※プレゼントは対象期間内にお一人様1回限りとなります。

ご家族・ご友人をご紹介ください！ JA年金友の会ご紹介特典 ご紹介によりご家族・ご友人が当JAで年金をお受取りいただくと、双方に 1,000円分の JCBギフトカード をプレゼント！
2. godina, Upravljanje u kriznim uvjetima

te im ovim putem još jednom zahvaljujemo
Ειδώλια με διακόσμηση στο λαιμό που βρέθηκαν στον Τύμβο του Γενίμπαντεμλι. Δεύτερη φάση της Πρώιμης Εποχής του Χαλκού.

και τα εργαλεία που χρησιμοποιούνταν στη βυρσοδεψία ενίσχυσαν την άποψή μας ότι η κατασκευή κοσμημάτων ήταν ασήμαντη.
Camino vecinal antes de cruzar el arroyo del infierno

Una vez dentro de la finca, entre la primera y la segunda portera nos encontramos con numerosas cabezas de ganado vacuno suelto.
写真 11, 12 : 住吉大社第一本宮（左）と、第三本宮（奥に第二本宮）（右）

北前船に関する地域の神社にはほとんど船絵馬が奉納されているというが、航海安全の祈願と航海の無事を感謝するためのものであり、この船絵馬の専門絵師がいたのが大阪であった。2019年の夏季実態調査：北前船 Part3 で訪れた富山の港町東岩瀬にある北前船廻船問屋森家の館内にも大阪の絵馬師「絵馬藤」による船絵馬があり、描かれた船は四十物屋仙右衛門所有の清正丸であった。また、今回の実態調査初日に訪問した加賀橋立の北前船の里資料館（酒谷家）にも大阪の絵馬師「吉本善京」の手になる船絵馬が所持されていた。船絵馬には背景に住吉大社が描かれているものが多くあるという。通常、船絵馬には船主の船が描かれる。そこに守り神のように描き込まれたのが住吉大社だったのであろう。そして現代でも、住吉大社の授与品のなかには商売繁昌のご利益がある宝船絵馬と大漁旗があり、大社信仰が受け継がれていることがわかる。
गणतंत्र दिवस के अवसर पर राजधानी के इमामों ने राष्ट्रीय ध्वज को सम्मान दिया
--
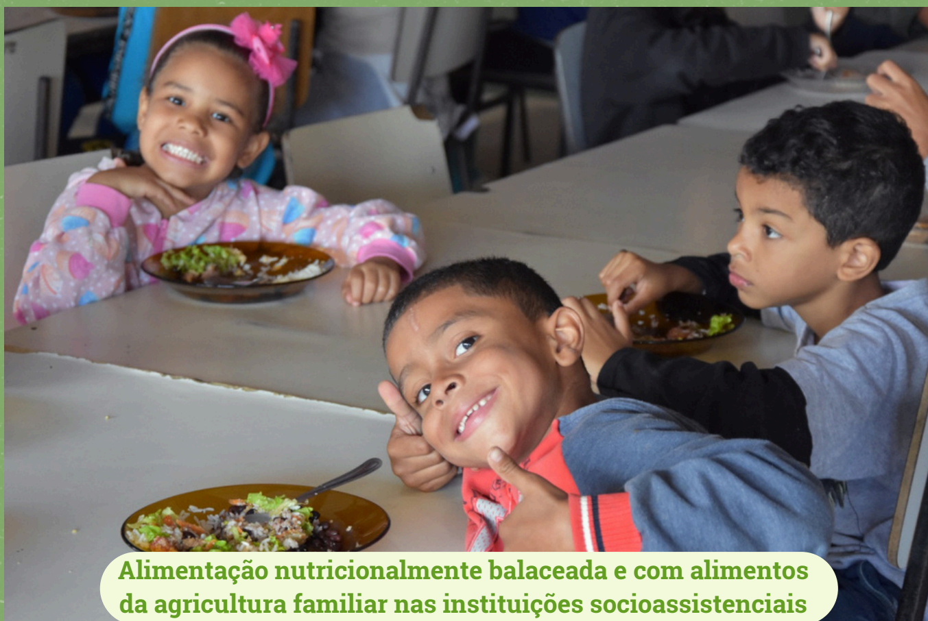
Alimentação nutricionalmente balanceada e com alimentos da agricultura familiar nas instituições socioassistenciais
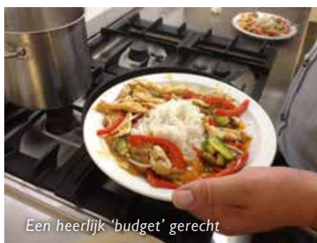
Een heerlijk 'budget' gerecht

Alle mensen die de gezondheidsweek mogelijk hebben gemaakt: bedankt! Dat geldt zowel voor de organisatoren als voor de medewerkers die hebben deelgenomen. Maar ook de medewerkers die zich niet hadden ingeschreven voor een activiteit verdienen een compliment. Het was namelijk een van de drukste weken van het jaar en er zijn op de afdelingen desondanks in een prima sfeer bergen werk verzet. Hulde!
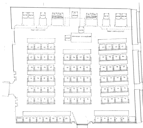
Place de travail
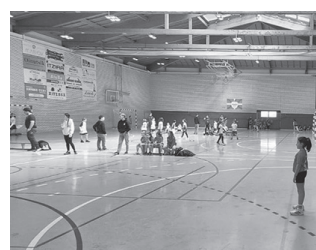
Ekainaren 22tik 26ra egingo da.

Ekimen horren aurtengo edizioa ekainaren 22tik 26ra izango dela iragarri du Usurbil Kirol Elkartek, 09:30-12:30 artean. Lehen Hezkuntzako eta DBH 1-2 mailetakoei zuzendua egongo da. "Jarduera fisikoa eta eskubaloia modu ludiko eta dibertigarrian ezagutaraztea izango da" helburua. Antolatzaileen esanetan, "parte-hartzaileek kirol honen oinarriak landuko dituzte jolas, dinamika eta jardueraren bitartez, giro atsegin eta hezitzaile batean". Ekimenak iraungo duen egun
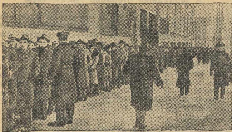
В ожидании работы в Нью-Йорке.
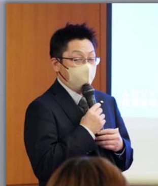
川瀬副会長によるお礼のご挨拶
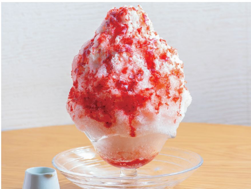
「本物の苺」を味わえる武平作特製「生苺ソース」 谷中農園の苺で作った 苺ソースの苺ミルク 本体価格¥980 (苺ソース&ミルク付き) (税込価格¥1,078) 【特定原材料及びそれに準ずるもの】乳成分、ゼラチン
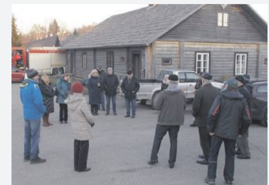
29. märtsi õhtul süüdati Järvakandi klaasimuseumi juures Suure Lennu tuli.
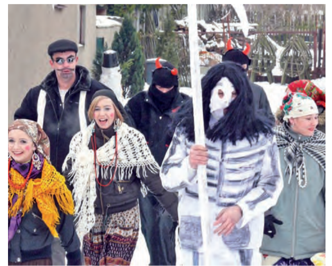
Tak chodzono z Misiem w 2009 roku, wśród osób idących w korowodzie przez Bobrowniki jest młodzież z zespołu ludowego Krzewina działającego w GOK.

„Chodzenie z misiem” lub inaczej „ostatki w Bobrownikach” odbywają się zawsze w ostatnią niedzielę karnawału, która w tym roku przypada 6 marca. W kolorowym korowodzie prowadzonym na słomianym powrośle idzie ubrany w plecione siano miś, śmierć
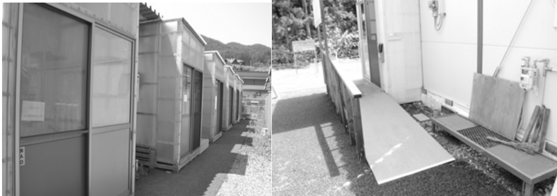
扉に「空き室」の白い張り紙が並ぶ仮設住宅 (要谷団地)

*WORK REQUIRED*. Set the pictures aside and transcribe exactly the stretch of lines above, beginning with the one holding "siano miś, śmierć" and ending with the one holding "扉に「空き室」の白い張り紙が並ぶ仮設住宅 (要谷団地)".

*OUTPUT OF THE EXERCISE*.
„Chodzenie z misiem” lub inaczej „ostatki w Bobrownikach” odbywają się zawsze w ostatnią niedzielę karnawału, która w tym roku przypada 6 marca. W kolorowym korowodzie prowadzonym na słomianym powrośle idzie ubrany w plecione siano miś, śmierć
扉に「空き室」の白い張り紙が並ぶ仮設住宅 (要谷団地)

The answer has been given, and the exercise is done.